On a day to day organizations are automating processes and recording data separately, but facing the analytic world is necessary to acquire a single view. This is where comes in data integration, one of the keys to the data management Data Warehouse projects , which does correlate the different areas and processes of the company as a whole, to provide the analysis of the essential unification of transmitting criteria of consistency and completeness.
To achieve integrate data source in the Data Warehouse, it is necessary to act at two levels:
- Defining the cycle data transition.
- Setting the refresh rate of each.
ETL processes in the Data Warehouse
The first step to achieve this is by defining the extraction process. In this case, there are often two common practices: invasive and abstraction, although it is more advisable to use the second, especially if responsibility is appealed . Also, keep in mind that the world of transactional systems is very dynamic and invasive method may not give the expected results if there have been changes.
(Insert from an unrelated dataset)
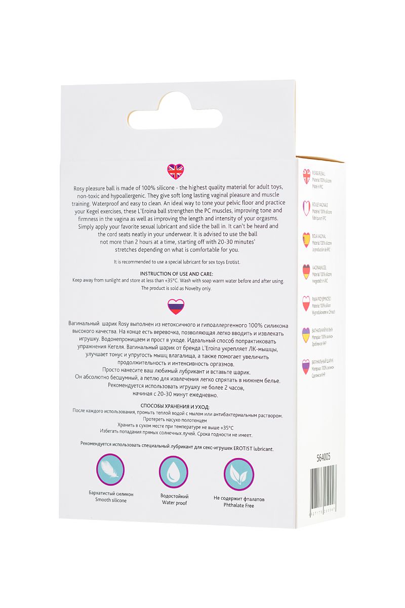 Вагинальный шарик Rosy выполнен из нетоксичного и гипоаллергенного 100% силикона высокого качества. На конце есть веревочка, позволяющая легко вводить и извлекать игрушку. Водонепроницаем и прост в уходе. Идеальный способ попрактиковать упражнения Кегеля. Вагинальный шарик от бренда L’Eroina укрепляет ЛК-мышцы, улучшает тонус и упругость мышц влагалища, а также помогает увеличить продолжительность и интенсивность оргазмов. Просто нанесите ваш любимый лубрикант и вставьте шарик. Он абсолютно бесшумный, а петлю для извлечения легко спрятать в нижнем белье. Вес - 50 гр.
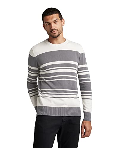 G-STAR RAW, Randig stickad tröja för män, Mehrfarbig (Nimbus Cloud/Granite Stripe C706-c992), M

Invasive practice, consisting raise extraction processes attacking directly to data sources and proceeding to the next step (transformation) in the same operation, has the disadvantage of causing the whole process remains too tied to structures origin system. The disadvantage is that if the structure changes, as often happens, for example, to update your version; a direct impact occurs in the process.
Abstract practice, which Lantares recommended, consists of generating a independence through files. This implies that, from the source systems, the generation of data files will occur (which can be plain text files, csv, or xml), which are placed in a shared for further processing and loading resource.
These practices provides assurance that, if the source system changes of structure, an update or change of ERP, for example; this does not cause direct impact on the integration processes and the structure of the data warehouse, and only have to ensure that files maintain the same structure.
Once the extraction phase has been successfully completed, it starts the process of transformation. At this stage, the source data changes are made to ensure completion adapting to destination DWH.
There are many ways to do this and some of the most common are:
Applying filters: for example by entering the command to collect more data records only zero.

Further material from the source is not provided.